Building, like a towering apartment building. It’s not an image you expect to find in horror, but it has been used to fantastic effect a number of times. Obviously, Rosemary’s Baby and The Sentinel delivered urban terror via creepy architecture. More recently, Rec and the action classic The Raid took advantage of layer upon layer of floors and doors for bloody mayhem.
Anwar blends the supernatural of the earlier films and the pandemonium of the latter with the looming presence of the structure itself, a bit like what you’ll find in Eskil Vogt’s The Innocents and Ciaran Foy’s 2012 horror, Citadel.

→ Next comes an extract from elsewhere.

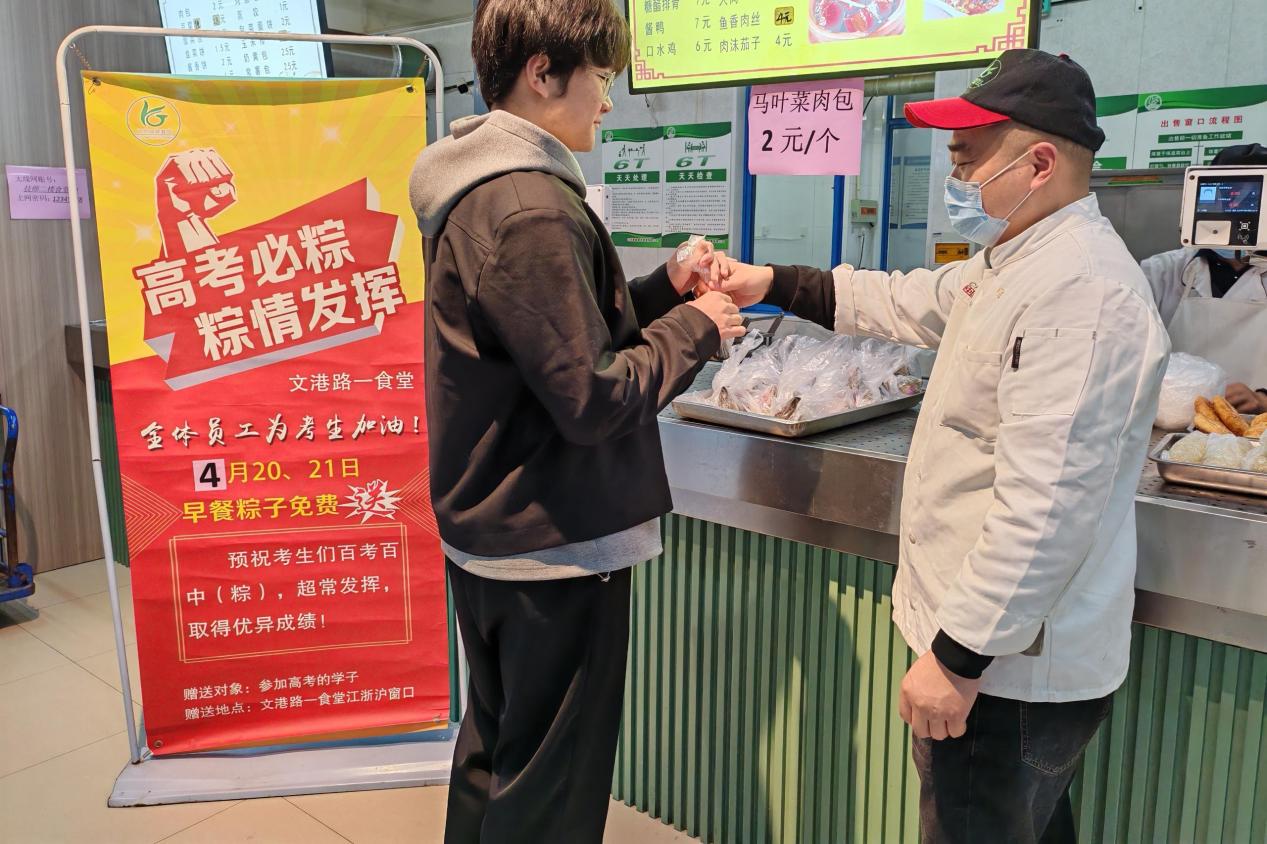 為了讓學(xué)生吃上安全衛(wèi)生、稱心如意的粽子,文港路一食堂高度重視,從粽子的采購(gòu)到發(fā)放,實(shí)行全程跟蹤監(jiān)督,確保每個(gè)環(huán)節(jié)的規(guī)范、衛(wèi)生。食堂工作人員將準(zhǔn)備好的粽子免費(fèi)分發(fā)給每位考生,讓同學(xué)們?cè)诰o張的備考過程中體會(huì)到了“家”的溫暖,“家”的味道,他們表示,高考雖然迫在眉睫,但是學(xué)校的暖心關(guān)愛和食堂的傾情奉獻(xiàn),讓自己增添了很多的勇氣和信心,禮物雖小,但祝福綿長(zhǎng)。

The mish-mash works wonders to conjure a dark, dreary, dangerous trap with supernatural evil waiting down every hall. And don’t even look in the laundry chute.
A sequel to his 2017 Satan’s Slaves (itself a riff on Norman J. Warren’s ’76 cult horror Satan’s Slave), Communion picks up in 1985, just a few years since Rini (Anwar favorite Tara Basro) and her brothers Toni (Endy Arfian) and Bondi (Nasar Annuz) lost their mother and little brother to something very sinister. Their dad moved them to this building in Jakarta, and as long as they can survive the big storm that’s coming, Rini will finally leave the nest and pursue her education.
Sure. Just don’t take the elevator.
The first Indonesian film to be shot in IMAX, Satan’s Slaves: Communion looks as grimy and shadowy as any Anwar film – as it should. He uses shadows and distance, cramped spaces and lighting to set a stage that unnerves. Both sound design and practical FX complete that picture. Yes, the ideas and even some images are pulled from other films, but the final concoction is utterly Anwar.